Reflexões do Fundo do Copo – Car Wash
Mais uma deliciosa crônica do amigo e colaborador de todos os sábados, Breno Raigorodsky. Para acessar seus textos anteriores, clique em Coluna do Breno, aqui do lado, na seção – Categorias.
– Está pronto?
– Prontinho, senhor
– Saiu todo o cheiro?
– Saiu, senhor, o material antibacteriano que usamos é aprovado pela USP e copiado em toda América
– Falando em América, o senhor é americano?
– Estou no Brasil há mais de seis anos, mas o sotaque não me deixa mentir
– Veio por quê?
– Briguei com meu pai, muito mandão, acha que tem o único nariz precioso do mundo
– Como assim?
– Ele é degustador de vinho muito famoso, mas erra bastante e não tem coragem de admitir
– É, parece que o cheiro saiu mesmo… Por um momento, achei que ia ter que vender o carro
– Nossa, só por conta de um caldo derrubado?
– É que cheiro de peixe vai impregnando, dominando o ar, conquistando todos os espaços por osmose, sabe como é?
– A propósito, senhor, desculpe a pergunta, foi o senhor que preparou?
– Preparou o quê?
– O caldo derramado
– Sim, fui eu
– Devia estar muito bom!
– Ué, como é que o senhor pode saber?
– Não digo com toda certeza, mas a gente se acostuma com cheiros, não é?
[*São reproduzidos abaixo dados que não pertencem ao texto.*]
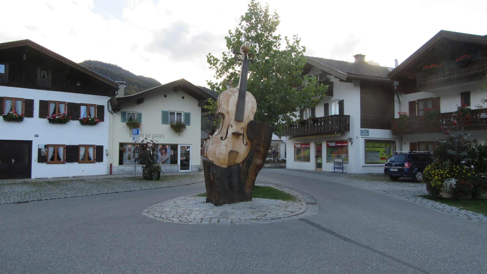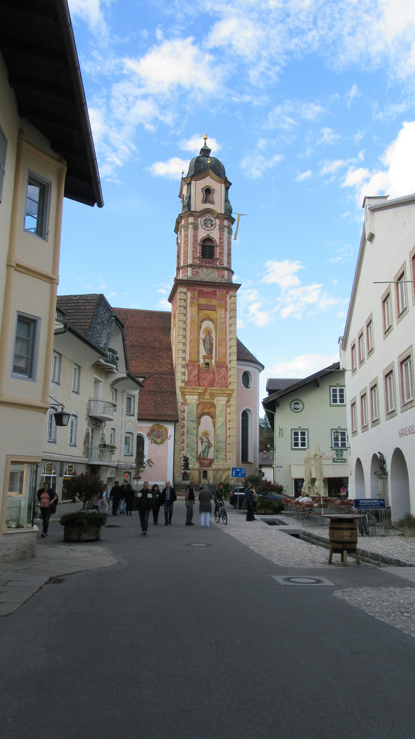 So I finally left Munich today, and took the train to the southern border town of Mittenwald. The town is maybe only a mile or less from the border with Austria, but is a beautiful town reminiscent of Swiss chalets, yodeling and annoying Ricola commercials. I didn’t do anything except wander around and get some gelato as it was somewhat late when I arrived, it was quite memorable just walking through, the town is famous for its violins, and boy does it show. It is also a very very very Catholic town, with crucifixes all over, some even just standing up on posts on the roadside. Many of the buildings also have large Christianity themed paintings of Christ, the saints, doves, cherubs etc. decorated on them.

Achei muito bom fazer um caldo com dois ou três tipos de conchas, misturado com o caldo de polvo.
– Como é que é? O senhor reconheceu a presença dos caldos do marisco de casca preta, do vôngole e do marisco de mangue?
– O senhor preparou com um vinho branco nada especial…E ainda completou com algum creme de leite… Era fresco ou de lata?
– Não acredito que por conta do cheiro de algumas gotas de caldo derramados no porta-malas do carro, depositados no compartimento do estepe, o senhor tenha condições de identificar tudo isso! O senhor entende de qualquer cheiro?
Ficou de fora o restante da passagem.